The vast agricultural land just off the coasts of Monterey Bay in California are generally calm during the winter, when there are no cultures to choose.
This winter, another type of immobility has set up. First, the fears of immigration raids paralyzed the communities of immigrants that make up agricultural workforce. And now anxiety has spread over what some in the region believe they are a sprawling and silent environmental disaster.
Last month, a battery storage plant ignited and burned for days, which caused the evacuation of more than 1,000 residents and closed local schools. The factory, located in Mosse Landing, a community not formed in a company in the county of Monterey, is the largest installation in the world which uses lithium-ion batteries to store energy. Residents felt sick, and many of them fear that fire has polluted air, soil and water with toxins.
“Now you don’t see anyone walking outside because it’s terrifying, everything that happens,” said Esmeralda Ortiz, who had to evacuate from her house to Mosse Landing after the factory started burning on January 16 .
She noticed a strange metallic odor when she and her two young children fled. She said that she then took her children to the doctor after complaining about headache and sore throat, symptoms that she also had. Finally, her children felt better, but Ms.

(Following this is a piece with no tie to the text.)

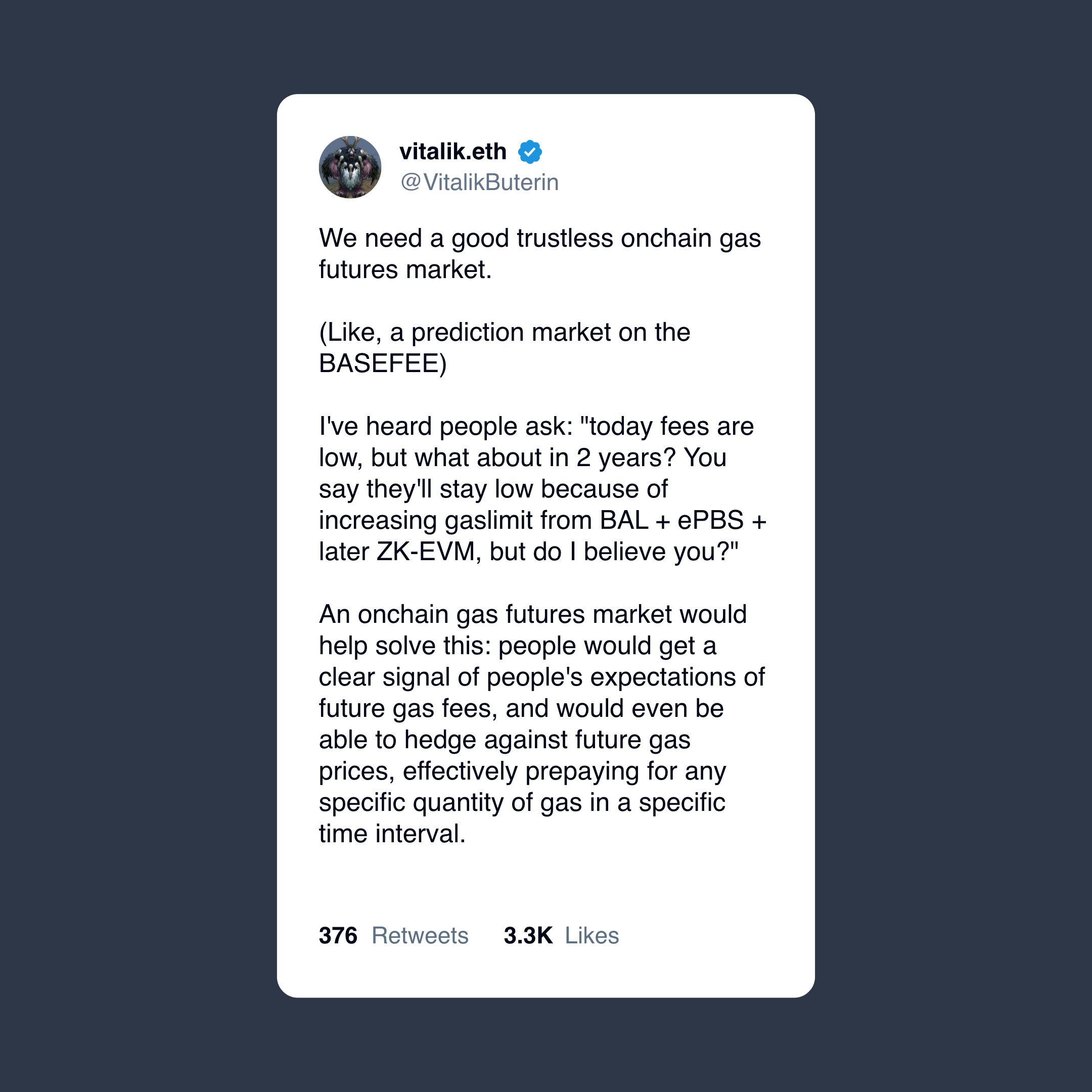The goal of this post is to get a temperature check on whether Ethereum may consider a drastic change to its transaction fee mechanism from EIP-1559 to a gas futures market. It leaves important details like the auction settlement out of scope. Still, we highlight some important future considerations here.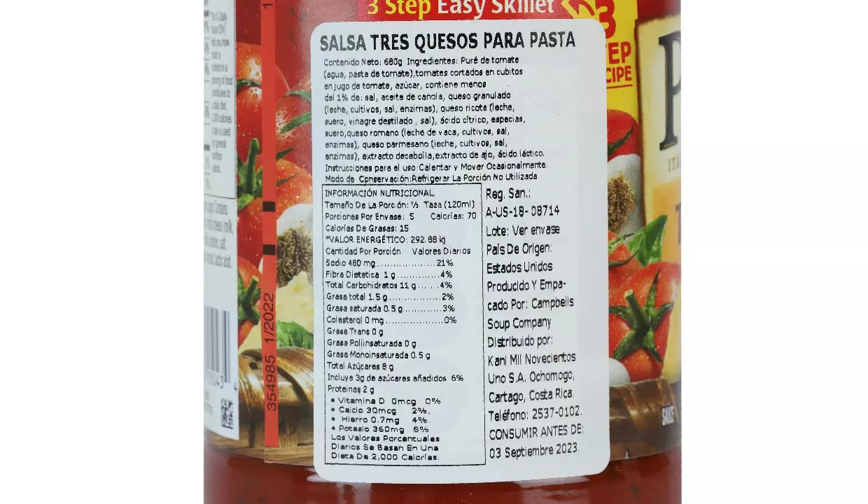 - Puré de tomate, agua, pasta de tomate, tomates cortados en cubitos, azúcar, sal, aceite de canola, queso granulado, queso ricota, ácido cítrico, especias, queso romano, queso parmesano, extracto de cebolla y extracto de ajo.

Ortiz said that she was worried about the potential long -term health effects and if the strawberry fields where she and her husband plan to work during the harvest were contaminated.
No house was damaged in the fire, which took place at more than 300 miles north of the devastating palisades and Eaton fires in the Los Angeles region. For weeks, residents, civil servants, researchers and environmental and public health experts have tried to understand the extent of the damage, but so far, there have been few answers. What was unleashed by smoke plumes of thousands of burning lithium-ion batteries? And where did he go?